Personne ne souhaite votre bonheur

Ce qui est étonnant chez cet ex-ministre de l’Éducation (Luc Ferry, passionné d’automobiles de sport), c’est que si, pour lui, « there is no alternative »,comme dirait son mentor Margaret Thatcher, il lui arrive que quelques éclairs de lucidité lui fassent percevoir les impasses de la société de consommation : « Plus vous avez une vie intérieure riche, plus vous êtes structurés par des valeurs non seulement morales, mais culturelles et spirituelles stables et fortes, moins vous éprouvez le besoin de consommer à tous propos », écrit-il par exemple page 12 (dans son livre « L’innovation destructrice »).
Pour lutter contre ce frein à la croissance, le philosophe donne la solution aux lecteurs du figaro : la « désublimation répressive ». Un moyen employé par les publicitaires consistant à déconstruire les valeurs traditionnelles, « (là où est la « désublimation ») pour que nous, et surtout nos enfants, nous puissions entrer dans la logique infinie de l’hyper-consommation de masse (là est la « répression »). »
En effet, comme le rappelle Octave, le héros publicitaire du célèbre livre de Frédéric Beigbeder 99 francs : « Dans ma profession, personne ne souhaite votre bonheur, parce que les gens heureux ne consomment pas. Votre souffrance dope le commerce. » Le métier des employés de la philosophe médiatique et propriétaire de l’agence de pub Publicis, Élisabeth Badinter, est donc d’abord de rendre les gens malheureux ; il s’agit de créer un vide que le publicitaire proposera ensuite de venir combler par la consommation. Bien sûr, c’est de la publicité que vivent les journalistes des grands médias qui célèbrent les essais libéraux et écolophobes de l’héritière de Marcel Bleusten-Blanchet, fondateur de Publicis.
Luc Ferry et consorts sont donc d’autant plus coupables qu’ils décrivent par le menu la déréliction où nous envoie la société de consommation.

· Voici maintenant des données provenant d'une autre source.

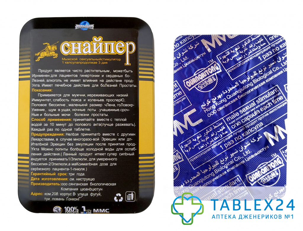 Речь идёт о биологически активной добавке (БАД), которую разработала компания «Цюаньцютун» (КНР) совместно с учёными Стэнфордского университета (США). Натуральное сырьё, передовые технологии, научный подход сделали препарат Снайпер максимально эффективным и, что не менее важно, безопасным в применении. Это позволяет мужчинам, нуждающимся в улучшении качества сексуальной жизни, принимать БАД, не опасаясь за своё здоровье.

Mais pour le philosophe du Figaro, il faut nous résigner, nous soumettre : la remise en cause du capitalisme, du productivisme et des voitures de sport est impossible sauf à nous envoyer droit au goulag. Il ne resterait donc que deux paramètres sur lesquels jouer : le premier étant « la piste démographique. Nous sommes trop nombreux et nous sommes surtout trop nombreux dans le système capitaliste » (p. 62). Ce qui prouve à nouveau que l’on peut parfaitement être écolophobe ET malthusien. Ensuite la nouveauté qui innove le Progrès car : « Je pense que l’innovation sauvera le monde » (p. 62). C’est bien connu : la science pervertie en religion fanatique permettra de nous affranchir des lois de la biophysique.

Extraits d’un article de Vincent Cheynet dans le journal La Décroissance de juillet-août 2014.